The external device 240 may include one or more devices capable of receiving, generating, storing, processing, providing, and/or routing information, as described elsewhere herein. The external device 240 may include a communication device and/or a computing device. For example, the external device 240 may include a server, such as an application server, a client server, a web server, a database server, a host server, a proxy server, a virtual server (e.g., executing on computing hardware), or a server in a cloud computing system. In some implementations, the external device 240 may include computing hardware used in a cloud computing environment.
The network 250 includes one or more wired and/or wireless networks. For example, the network 250 may include a cellular network, a public land mobile network (PLMN), a local area network (LAN), a wide area network (WAN), a private network, the Internet, an RF switch, and/or the like, and/or a combination of these or other types of networks.
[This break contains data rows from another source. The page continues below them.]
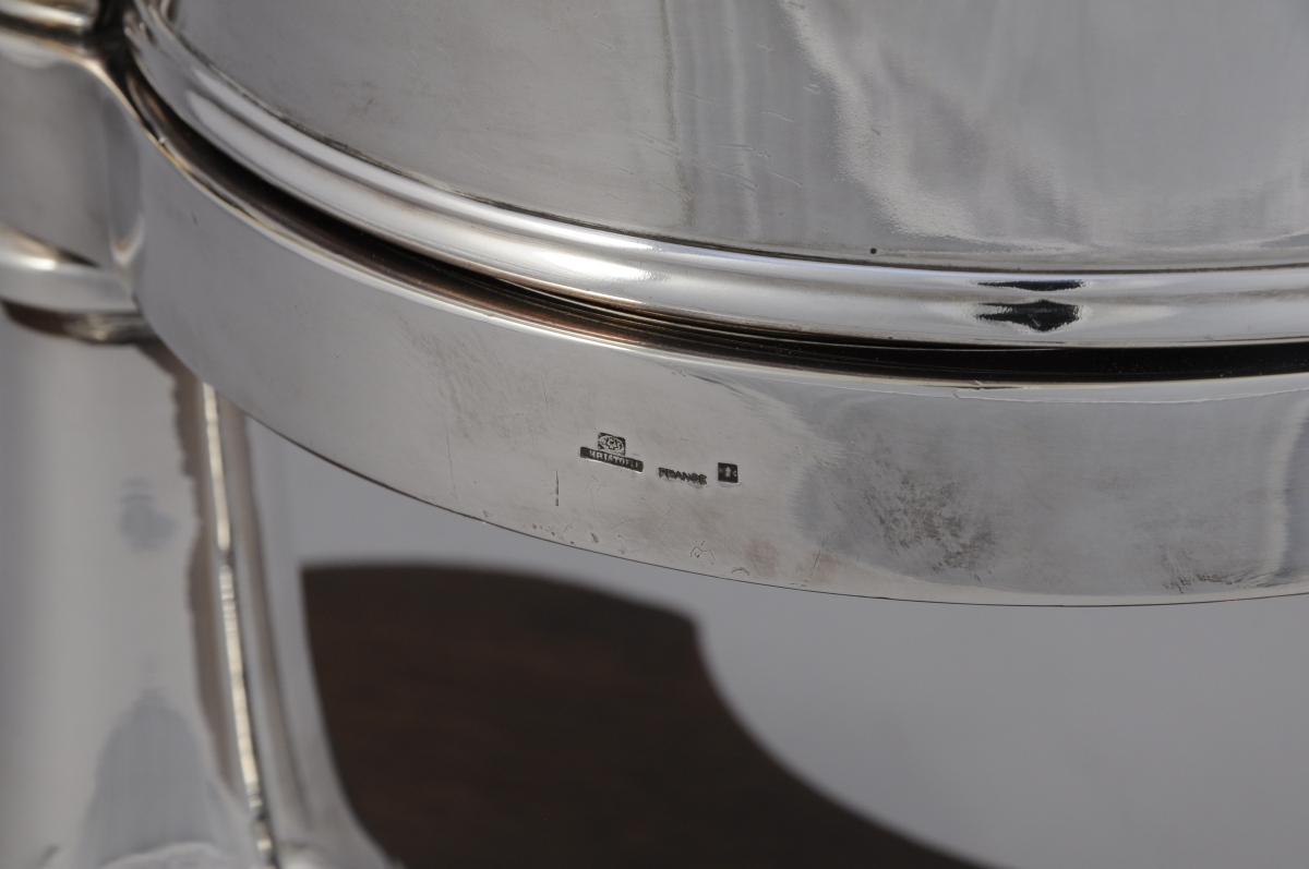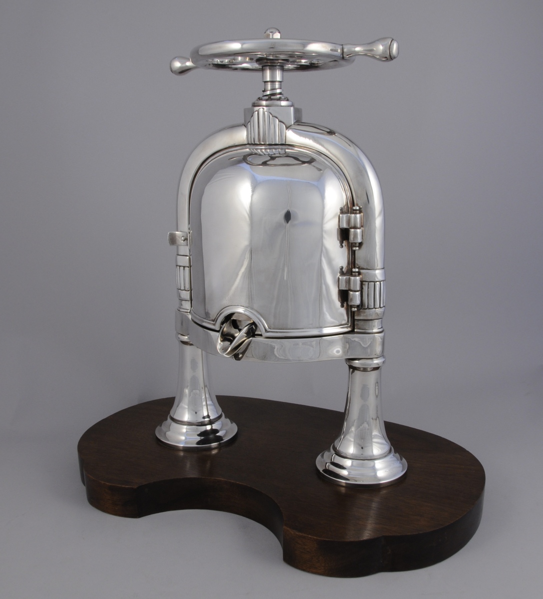 Toujours proposée dans le catalogue de la maison Christofle, la presse à canard est une pièce de haute orfèvrerie, créée à la demande, nécessitant plus de 150 heures de travail. C'est un objet de qualité, typique dhôtellerie pour réaliser le canard au sang, dont le restaurant " La Tour dArgent " à Paris sest fait une spécialité. Cette recette implique une sélection des canards avant abattage qui doivent être étouffés et non saignés pour garder leur sang. Une fois cuit, le volatile est découpé devant l'hôte, la carcasse, placée dans la presse, est toujours écrasée devant le convive. Sur socle en bois, la presse est actionnée par un volant qui fait tourner la vis écrasant la carcasse placée dans son réceptacle ajouré. Le jus s'écoule alors dans le récipient placé sous le bec. La porte frontale permet d'éviter les projections pendant l'écrasement.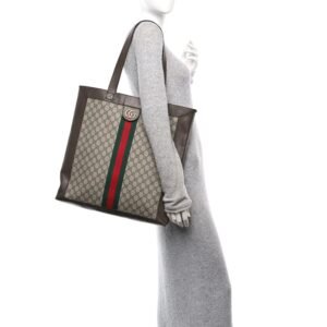 GG Supreme Monogram Web Large Ophidia Vertical Shopping Tote Brown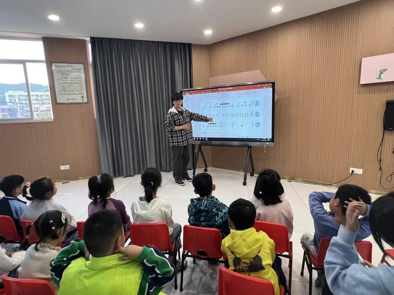 课程一改“校内理论+模拟授课”的传统模式,实行混编教学:学生先在大学课堂完成知识点拆解、教案设计与“无生试讲”,再到小学进行真实课堂观摩和片段教学实践。此次出征的20名同学提前两周打磨“微教案”——音符认知、节奏游戏、旋律模唱,每人3-5分钟片段教学;海沧青少年宫指导教师先用5分钟示范课堂组织技巧,随后“小老师”依次登台,课堂气氛热烈。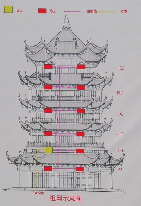 在黃鶴樓內(nèi),通信設(shè)備被藏在了各層樓天花板的“夾層”中,游客在外觀上根本看不到。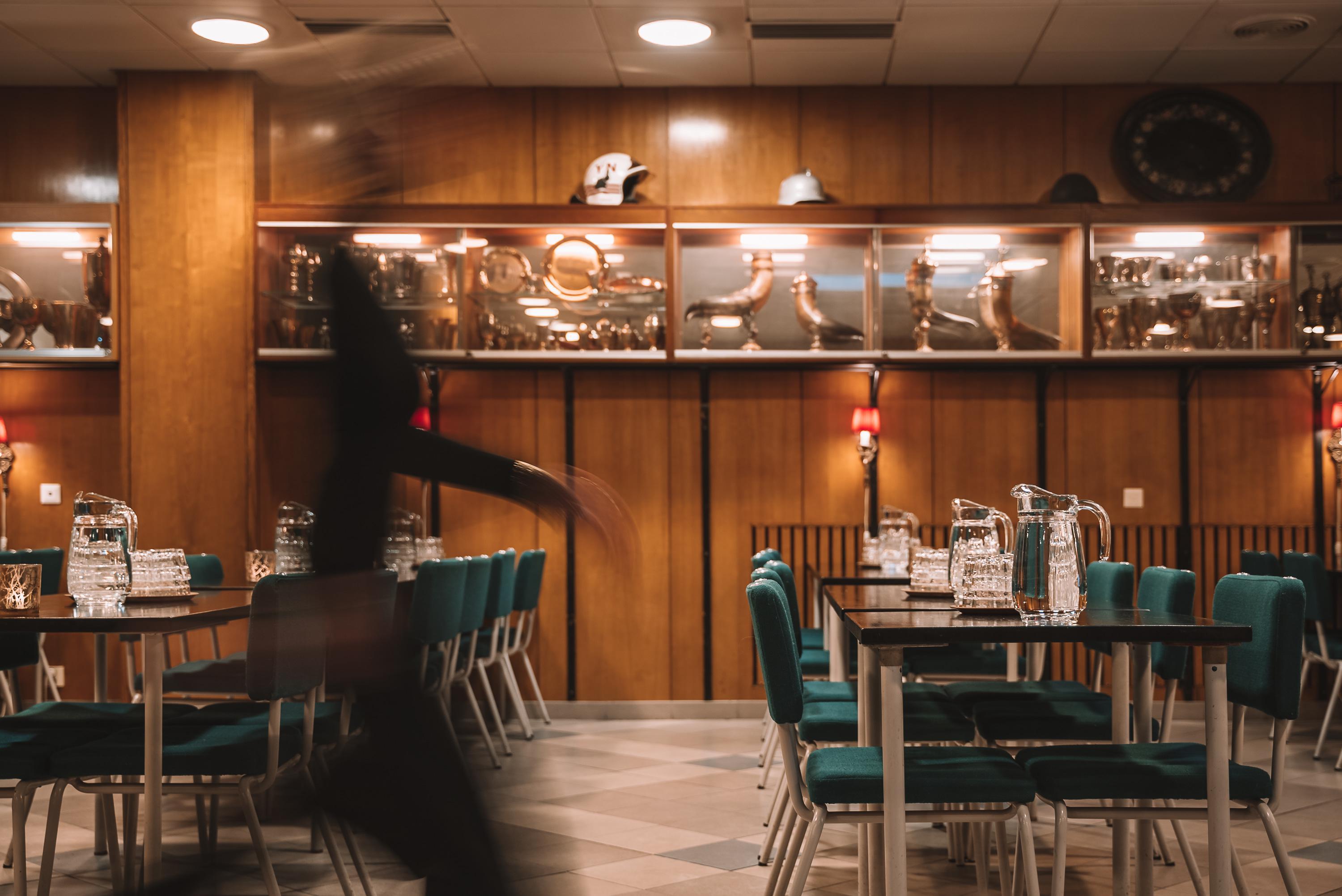 SV: Pompier Albertinkatus interiör. Restaurangsal med dukade bord.
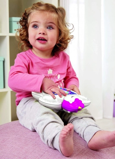 Det interaktive skydepuslespil formet som en sød enhjørning kombinerer kreativ billedsamling med legende lyde. Børn skubber farverige fliser og samler billeder, mens lydeffekter og en melodi motiverer. Legetøjet understøtter hånd–øje-koordination, koncentration og de første logiske opgaver.
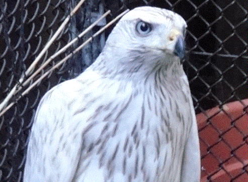 シベリアアルビダス トレーニング インプリントのシロオオタカ 止まり木で寛ぐメス 雉ハンティング |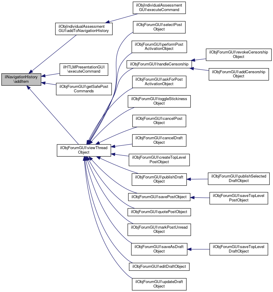 Referenced by ilObjIndividualAssessmentGUI\addToNavigationHistory(), ilHTLMPresentationGUI\executeCommand(), ilObjForumGUI\getSafePostCommands(), and ilObjForumGUI\viewThreadObject().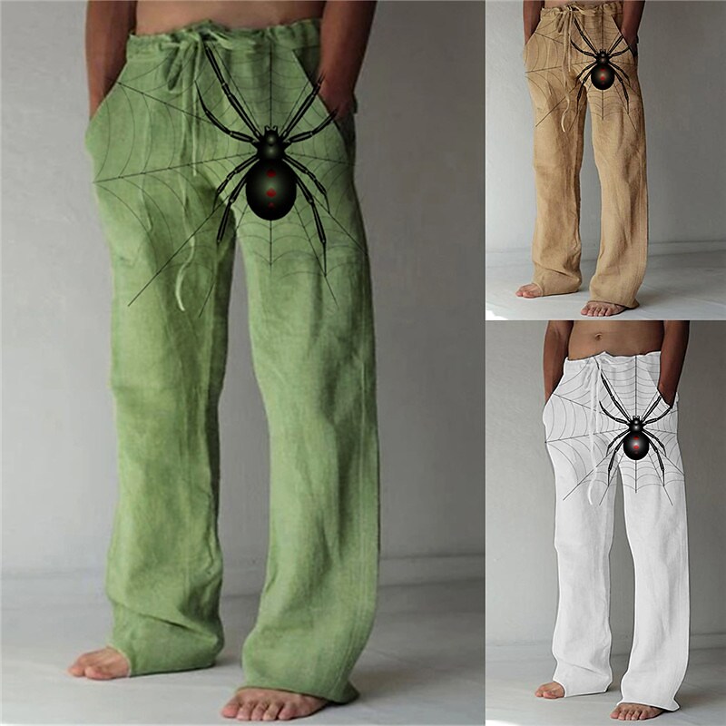 Men's Designer Fashion Straight Trousers 3D Print Elastic Drawstring Design Front Pocket Pants Casual Daily Graphic Prints Spider Comfort Soft Mid Waist Green White Khaki Dark Gray S M L XL XXL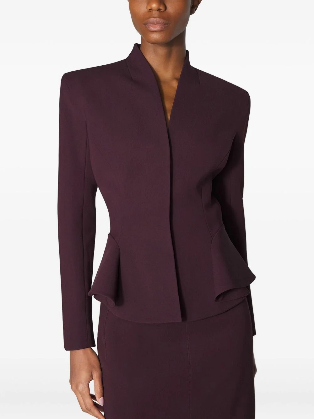peplum-waist fitted jacket Highlights - Red - Fitted waist - Peplum hem - Long sleeves - V-neck - Structured shoulders Imported Composition Outer: Viscose 78%, Virgin Wool 22% Lining: Cupro 100% Washing instructions Read Manufacturer Guidelines

The network 250 enables communication among the devices of the environment 200.
The number and arrangement of devices and networks shown in FIG. 2 are provided as an example. In practice, there may be additional devices and/or networks, fewer devices and/or networks, different devices and/or networks, or differently arranged devices and/or networks than those shown in FIG. 2. Furthermore, two or more devices shown in FIG. 2 may be implemented within a single device, or a single device shown in FIG. 2 may be implemented as multiple, distributed devices. Additionally, or alternatively, a set of devices (e.g., one or more devices) of the environment 200 may perform one or more functions described as being performed by another set of devices of the environment 200.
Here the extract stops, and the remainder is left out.